= Exercise details =
Only the lines of the data below from the one with "Made from high-quality" through the one with "3本目終了時点でだいぶキツく" are wanted. Repeat them exactly.

= Excerpted data =

____

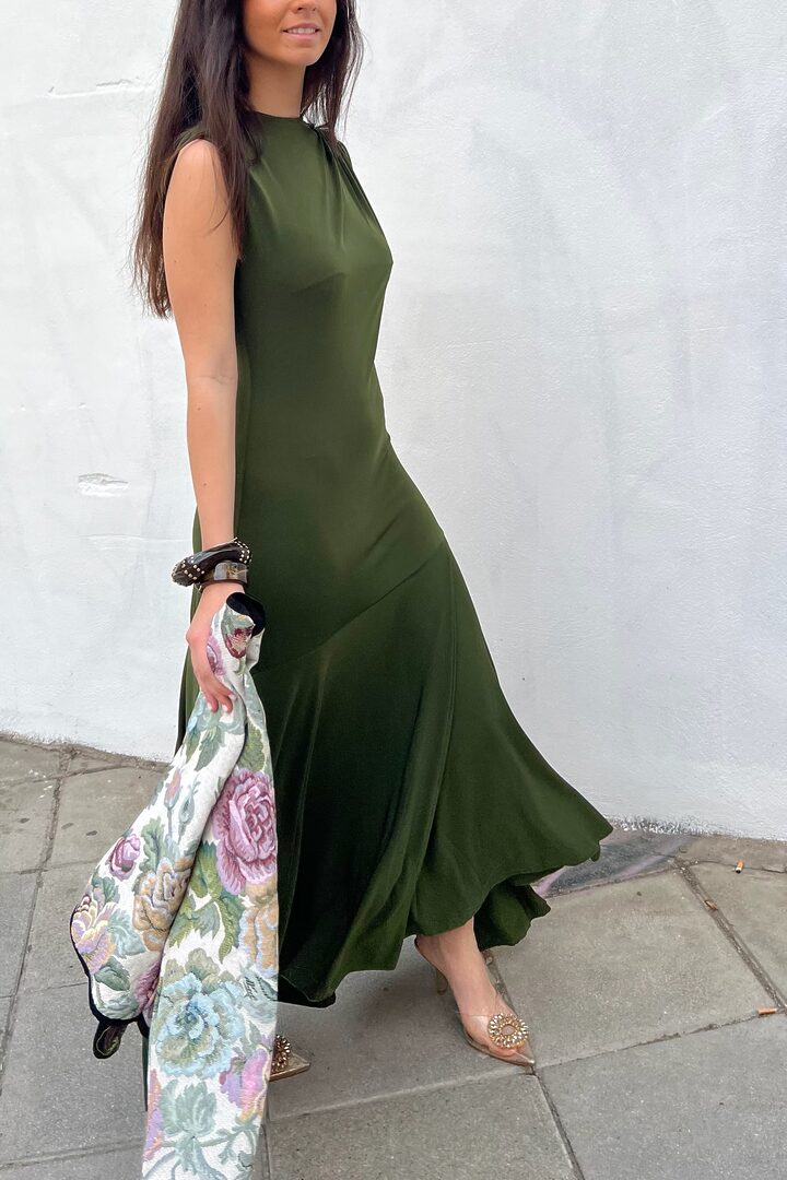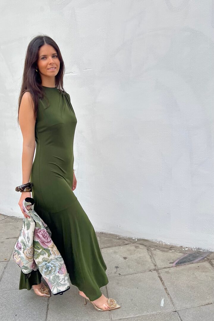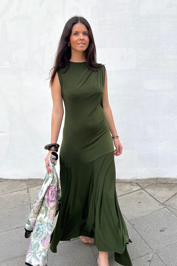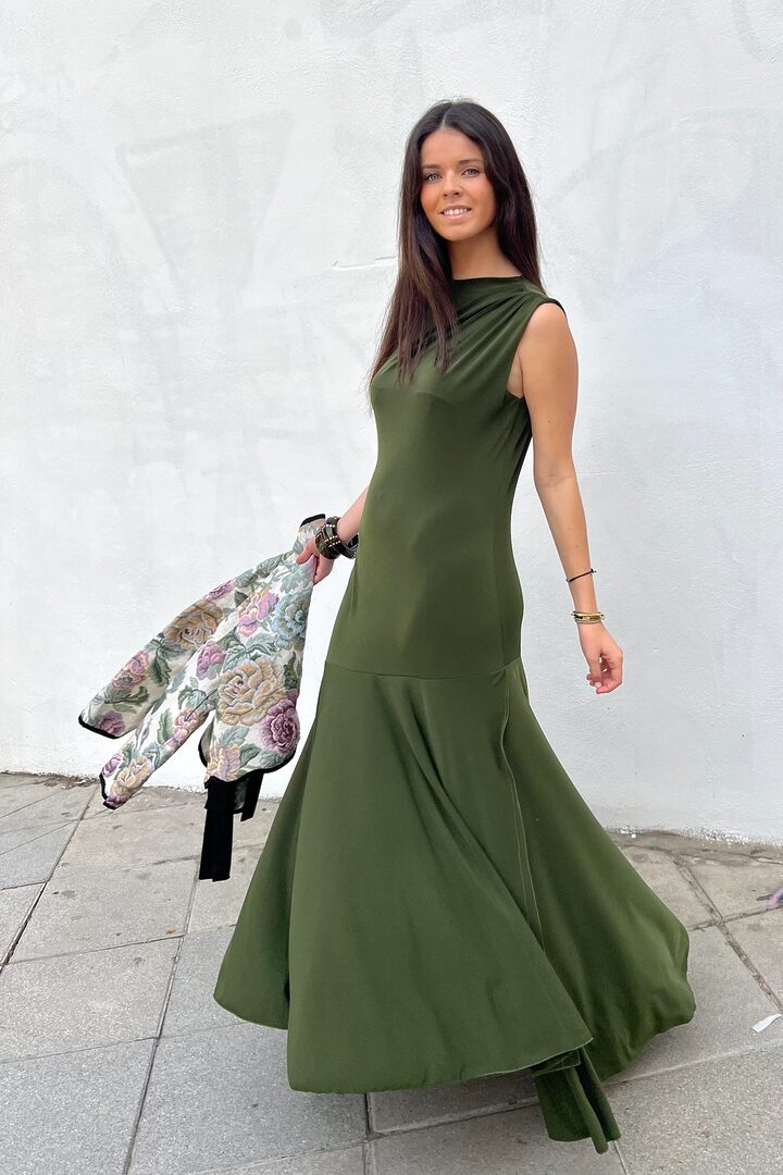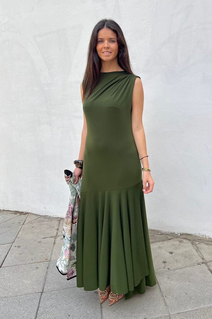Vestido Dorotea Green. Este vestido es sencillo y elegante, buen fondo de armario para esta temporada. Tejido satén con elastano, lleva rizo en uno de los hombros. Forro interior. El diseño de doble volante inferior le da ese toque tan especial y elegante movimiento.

____

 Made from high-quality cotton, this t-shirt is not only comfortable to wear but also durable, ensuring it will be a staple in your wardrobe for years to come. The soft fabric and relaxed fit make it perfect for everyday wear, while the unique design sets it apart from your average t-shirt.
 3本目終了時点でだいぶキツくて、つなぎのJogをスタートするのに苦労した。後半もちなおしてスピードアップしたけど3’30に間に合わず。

____

= Your response =
 Made from high-quality cotton, this t-shirt is not only comfortable to wear but also durable, ensuring it will be a staple in your wardrobe for years to come. The soft fabric and relaxed fit make it perfect for everyday wear, while the unique design sets it apart from your average t-shirt.
 3本目終了時点でだいぶキツくて、つなぎのJogをスタートするのに苦労した。後半もちなおしてスピードアップしたけど3’30に間に合わず。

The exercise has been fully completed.